● What the exercise asks:
An exact copy of all the lines below is required, with every image left out.

(Items from a dataset)
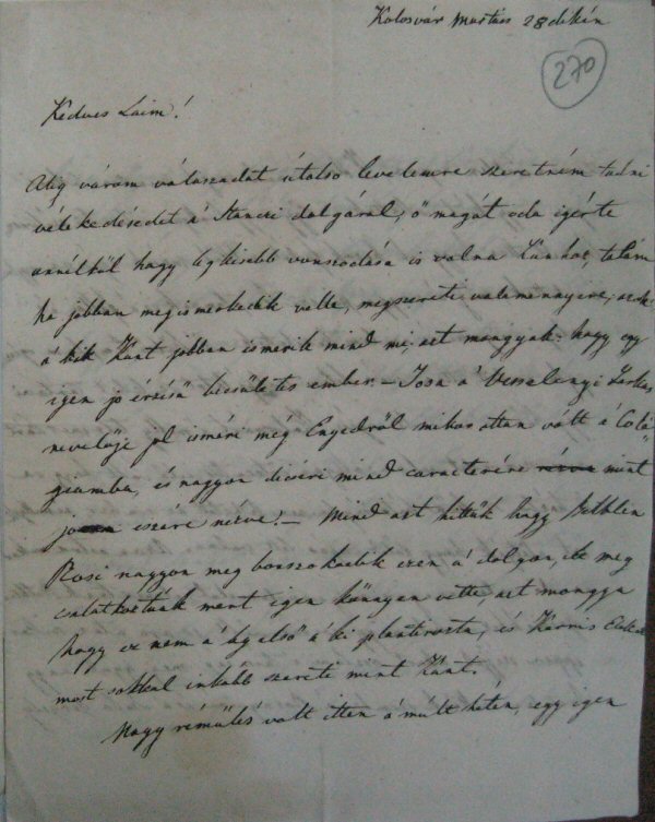 Alig várom válaszadat útolso levelemre szeretném tudni vélekedésedet a' Stanczi dolgárol, ő magát oda igérte annélkűl hogy leg kisebb vonszodása is volna Kunhoz, talám ha jobban meg ismerkedik velle, megszereti valamennyire; azok a' kik Kunt jobban ismerik mind mi; azt mongyak: hogy egy igen jo érzésű becsűletes ember: — Josa a' Vesselenyi Farkas nevelője jol isméri még Enyedről mikor ottan vólt a' Colégiumba, és nagyon dicséri mind caracterére mint jo eszére nézve. — Mind azt hittűk hogy Bethlen Rosi nagyon meg bonszokodik ezen a' dolgon, de meg csalatkoztúnk mert igen kőnnyen vette, azt mongya hogy ez nem a' legelső a' ki plantirozta, és Kornis Eleket most sokkal inkább szereti mint Kunt. |
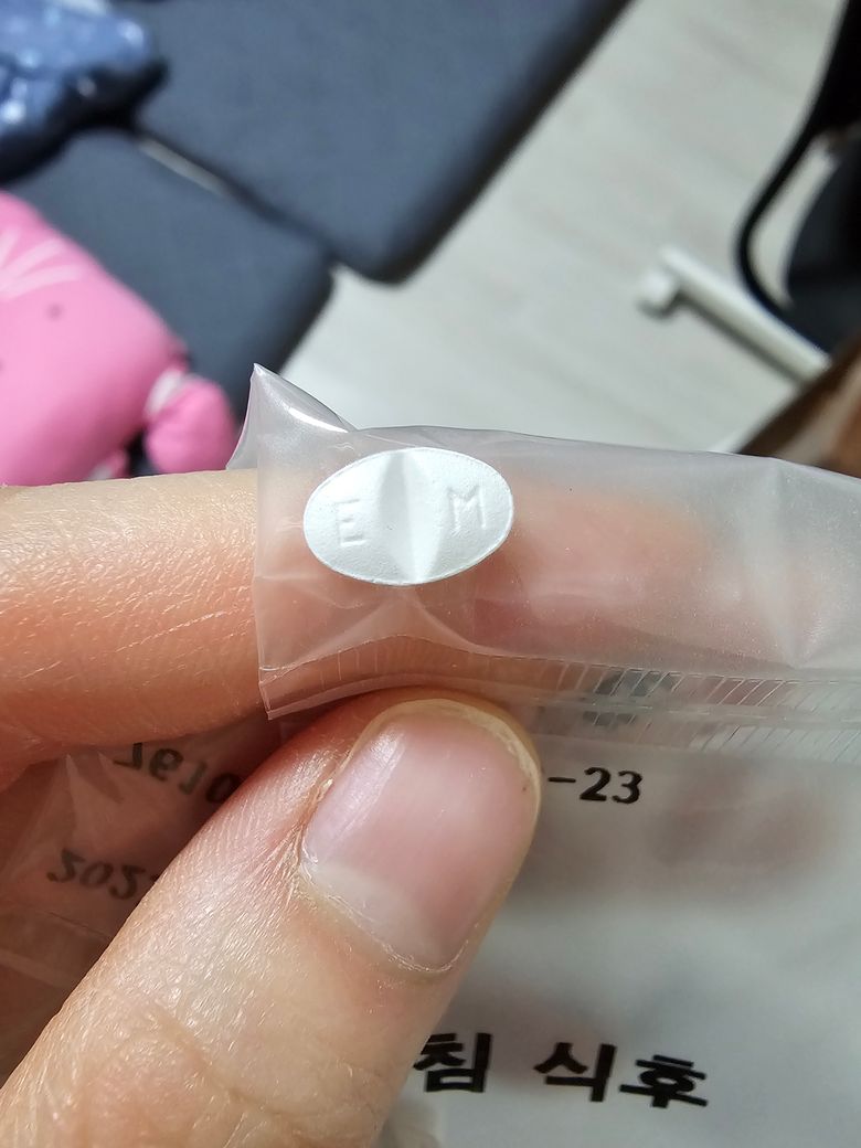 EM이라 표기된 하얀색 타원형 알약이예여
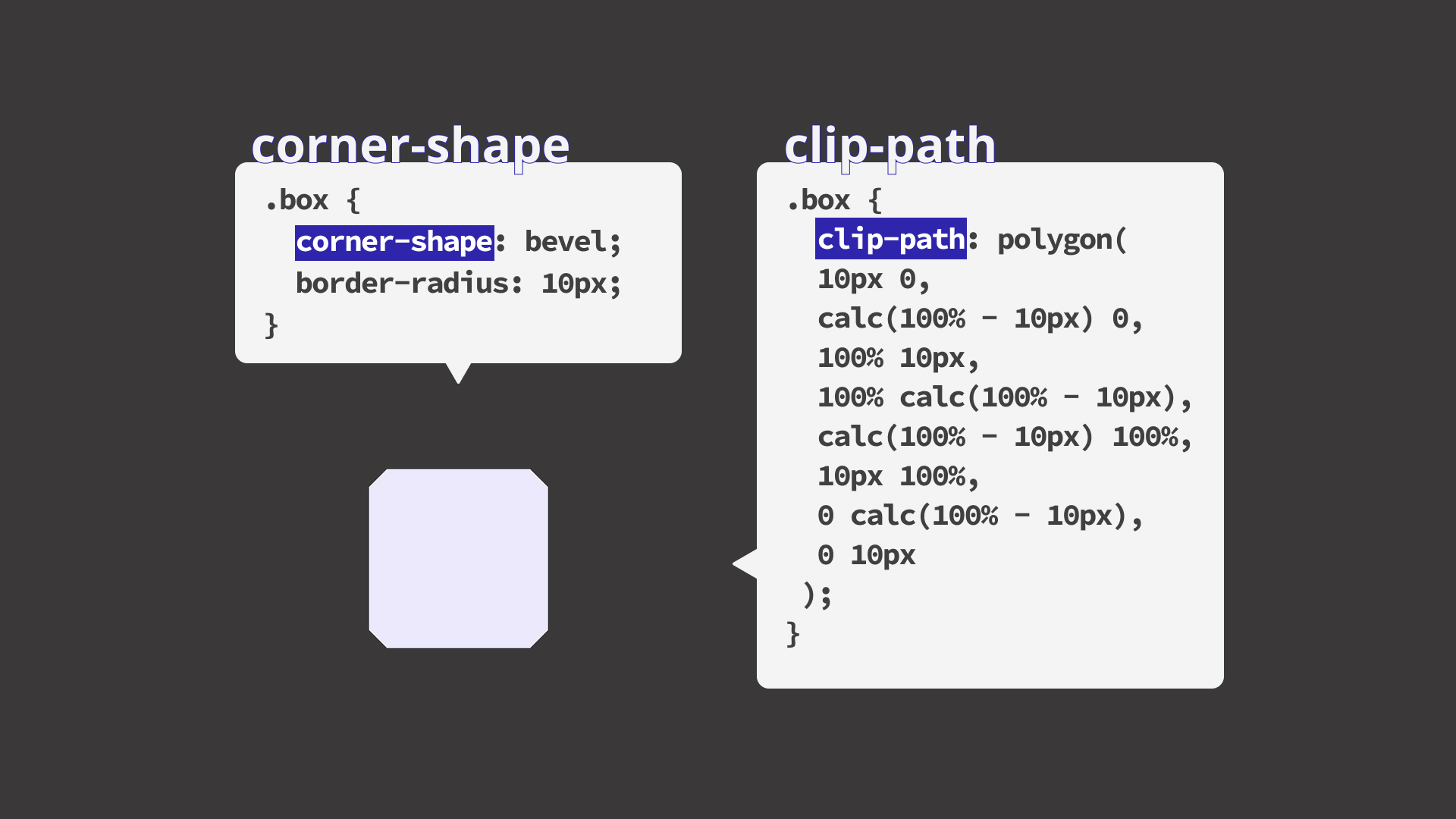 corner-shapeプロパティを使うと、SVGやclip-pathを使う場合と比べて、何をしているコードなのかが直感的に分かりやすくなります。また、形状や色・大きさなどもCSSの値として簡単に変更できます。アニメーションの表現にも役立ちそうですね。
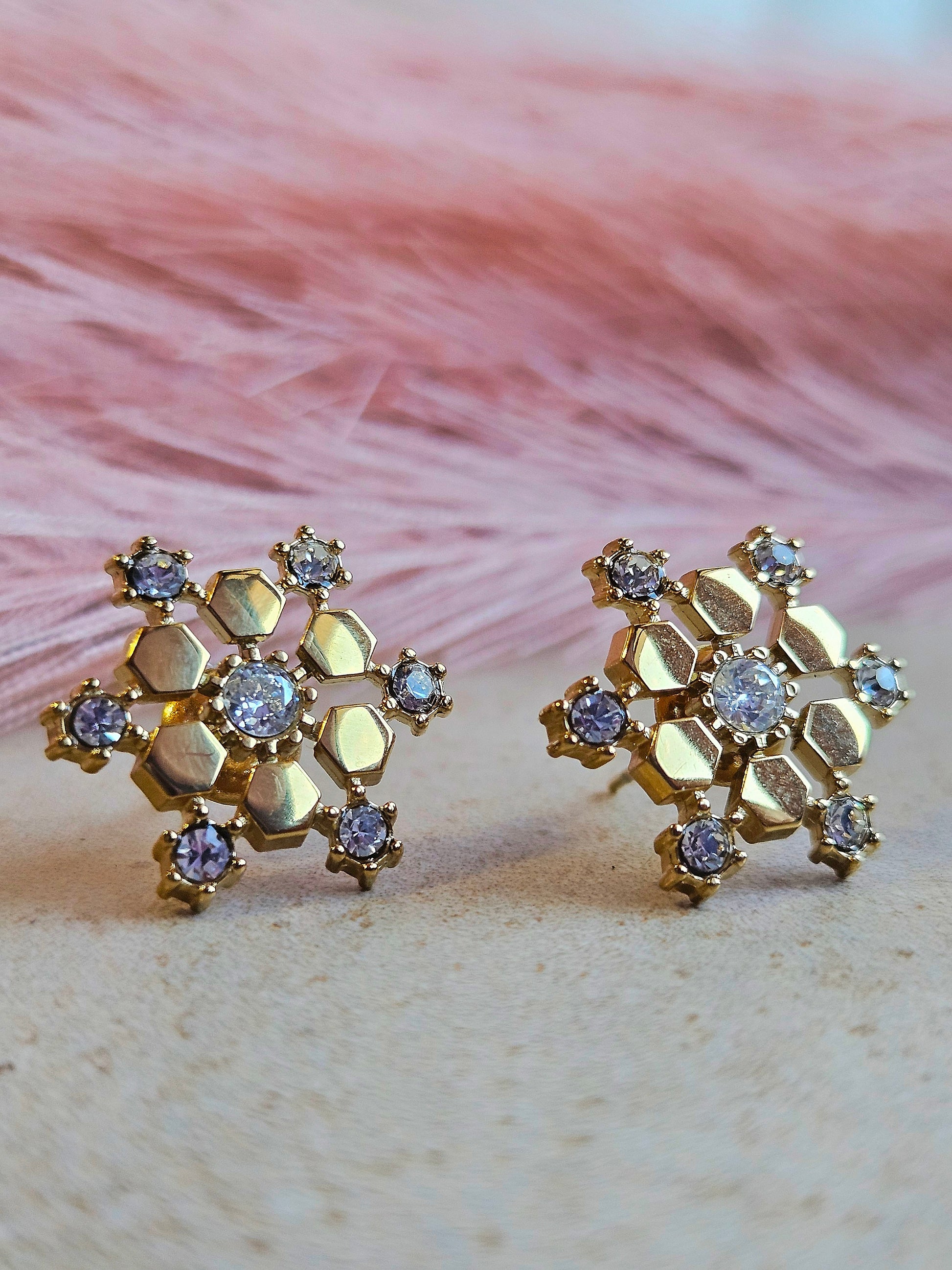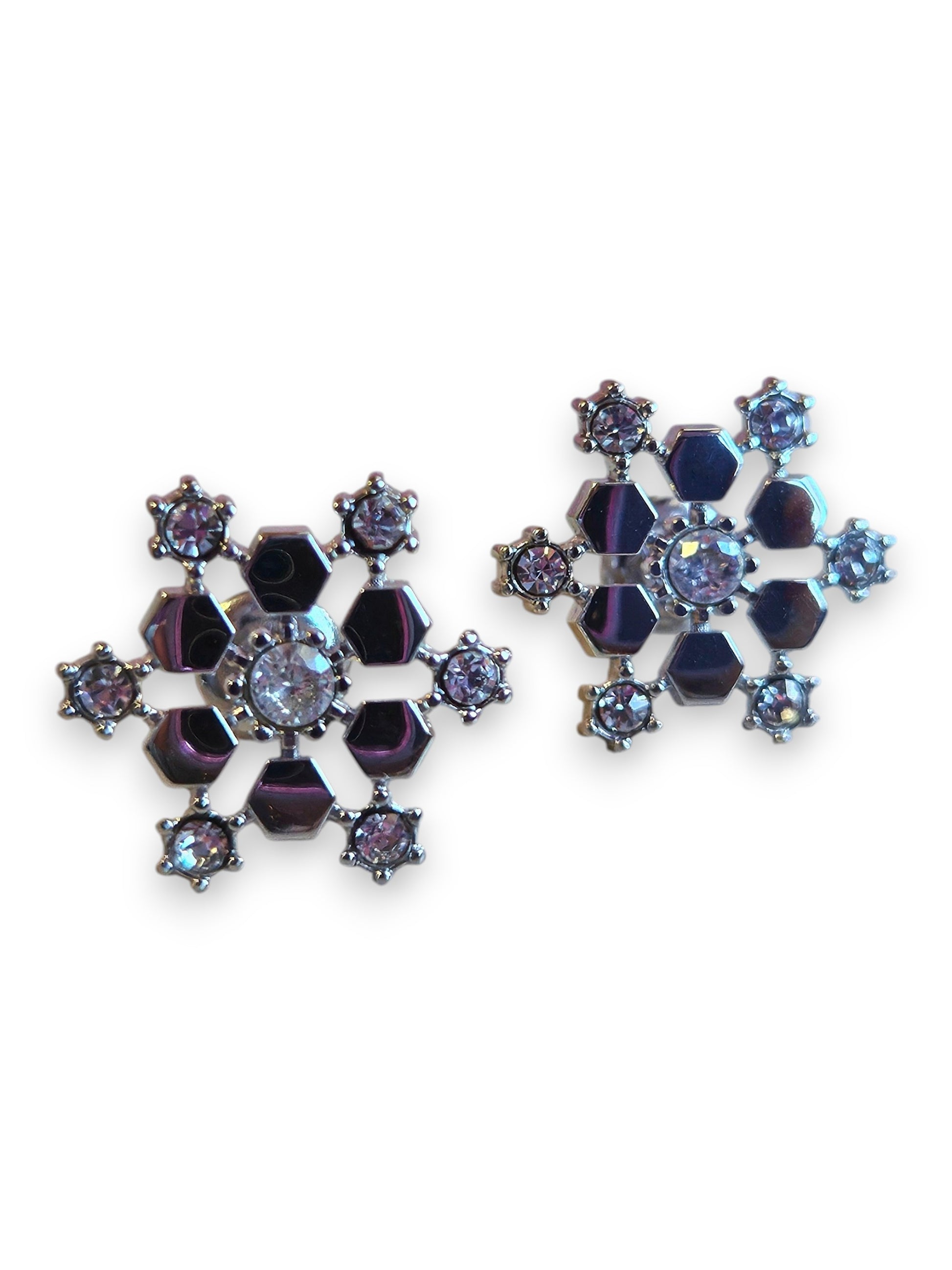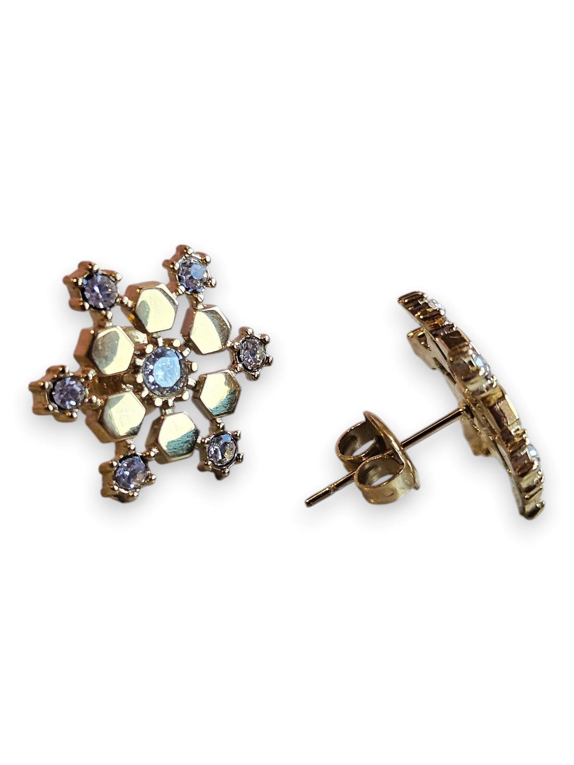Orecchini a forma di fiocco di neve impreziositi da zirconi luminosi. Il design raffinato richiama l’eleganza invernale e dona un tocco magico e sofisticato a ogni look. Perfetti per le feste, ma anche per impreziosire outfit quotidiani con luce e originalità.
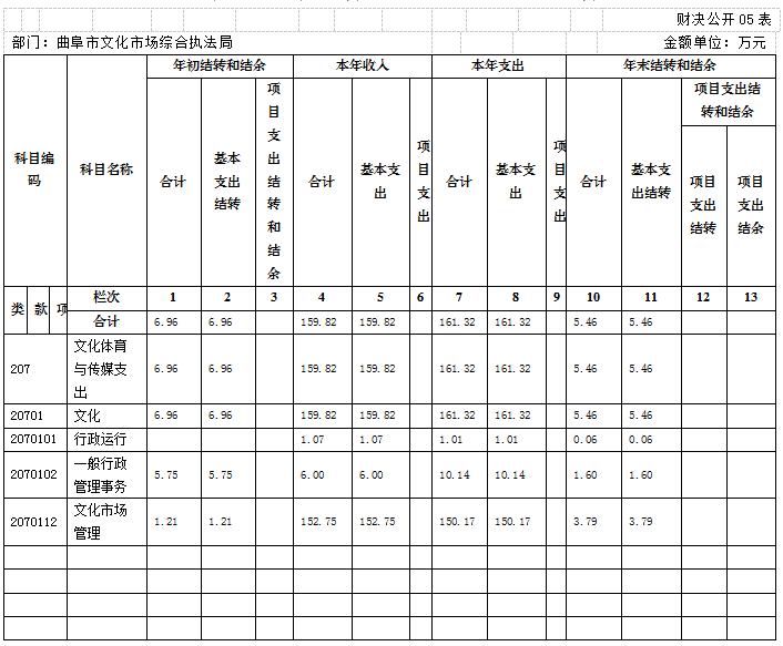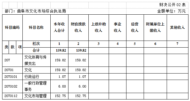 3、单位构成。市文化市场综合执法局是按照市级预算管理有关规定,预算编制实行综合预算,局机构的收入和支出均纳入年度预算,无下属单位。
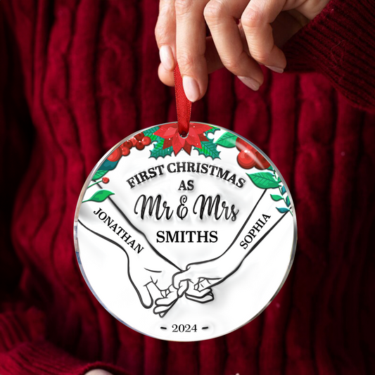 Holding Hands First Christmas Couple - 3D Inflated Effect Printed Ornament, Personalized Circle Ceramic Ornament

● Task result:
 Alig várom válaszadat útolso levelemre szeretném tudni vélekedésedet a' Stanczi dolgárol, ő magát oda igérte annélkűl hogy leg kisebb vonszodása is volna Kunhoz, talám ha jobban meg ismerkedik velle, megszereti valamennyire; azok a' kik Kunt jobban ismerik mind mi; azt mongyak: hogy egy igen jo érzésű becsűletes ember: — Josa a' Vesselenyi Farkas nevelője jol isméri még Enyedről mikor ottan vólt a' Colégiumba, és nagyon dicséri mind caracterére mint jo eszére nézve. — Mind azt hittűk hogy Bethlen Rosi nagyon meg bonszokodik ezen a' dolgon, de meg csalatkoztúnk mert igen kőnnyen vette, azt mongya hogy ez nem a' legelső a' ki plantirozta, és Kornis Eleket most sokkal inkább szereti mint Kunt. |
 EM이라 표기된 하얀색 타원형 알약이예여
 corner-shapeプロパティを使うと、SVGやclip-pathを使う場合と比べて、何をしているコードなのかが直感的に分かりやすくなります。また、形状や色・大きさなどもCSSの値として簡単に変更できます。アニメーションの表現にも役立ちそうですね。
Orecchini a forma di fiocco di neve impreziositi da zirconi luminosi. Il design raffinato richiama l’eleganza invernale e dona un tocco magico e sofisticato a ogni look. Perfetti per le feste, ma anche per impreziosire outfit quotidiani con luce e originalità.
 3、单位构成。市文化市场综合执法局是按照市级预算管理有关规定,预算编制实行综合预算,局机构的收入和支出均纳入年度预算,无下属单位。
 Holding Hands First Christmas Couple - 3D Inflated Effect Printed Ornament, Personalized Circle Ceramic Ornament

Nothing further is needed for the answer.